Anton Bruckner: Sinfonie Nr. 8 c-Moll, WAB 108 (Fassung Haas), Wiener Philharmoniker Christian Thielemann, Dirigent  Musikverein Wien, 25. Februar 2023

© SF / Marco Borrelli

Das Team um Dirigent Christian Thielemann und die Wiener Philharmoniker-Altmeister zeigt sich in astronomischer Höchstform. Von Anfang bis Ende beherrscht eine goldene Stimmung den goldenen Saal des Musikvereins. Der Chef am Pult spricht eine klare, stille Sprache: Ohne Worte.

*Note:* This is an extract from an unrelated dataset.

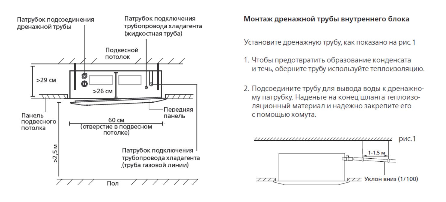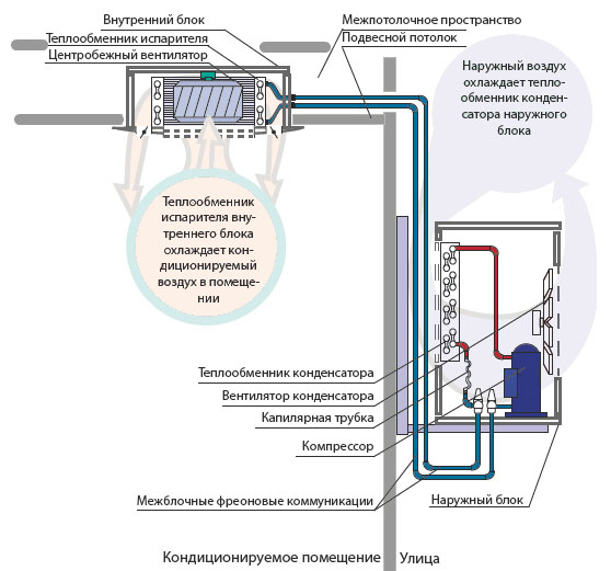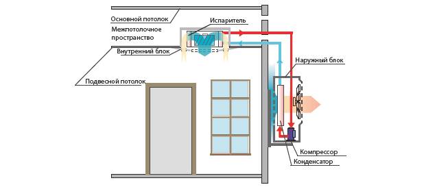 • Système de fréon caché. Tous les tuyaux, ainsi que le drainage, sont cachés sous un faux plafond. Pour eux, vous n'avez pas besoin de fabriquer des stroboscopes, puis de les fermer avec du mastic et du plâtre.

Anton Bruckner: Sinfonie Nr. 8 c-Moll, WAB 108 (Fassung Haas)

Wiener Philharmoniker
Christian Thielemann, Dirigent

Musikverein Wien, 25. Februar 2023

von Johannes Karl Fischer

Im Parkett wollen einige in Thielemanns Schlussstille rein klatschen. Geht gar nicht, finden ein paar  andere, lautes Gezische ertönt aus den hintersten Reihen. Die Musik ist zu Ende, aber der Chef am Pult hat den Taktstock noch oben. Zwei Augenblicke später starten stehende Ovationen für diesen Gipfel der Wiener Klangkunst.

Von Anfang bis Ende beherrscht eine goldene Stimmung den goldenen Musikverein. Die Wiener Philharmoniker unter der Leitung eines kompromisslosen Perfektionisten transformieren den Schuhschachtelsaal in eine klangliche Badewanne und umschwärmen das Publikum mit einem göttergleichen Klangteppich. In diesem tiefblauen Musikmeer schwimmen scheinbar schwerelos die goldenen Frauenskulpturen, welche prachtvoll die Wunderwand-Akustik schmücken. Das ist wie ein sechsundzwanzig Grad warmer Ozean. Aus dieser Bruckner-Sinfonie möchte man nie wieder raus.

Vor allem in langsamen Satz zeigt sich das Team um die Philharmoniker-Altmeister Rainer Honeck und Volkhard Steude in astronomischer Höchstform. Bruckner lebt von unerwarteten musikalischen Wendungen und schwebenden Akkorden. Was dieses Orchester damit macht, ist reinste Klangmagie. Alles ausspielen, die Spannung halten. Das Publikum in den Bann der Musik ziehen. Bei jedem Magiemoment dieser Musik – davon gibt es in dieser Sinfonie viele – steht die Zeit still.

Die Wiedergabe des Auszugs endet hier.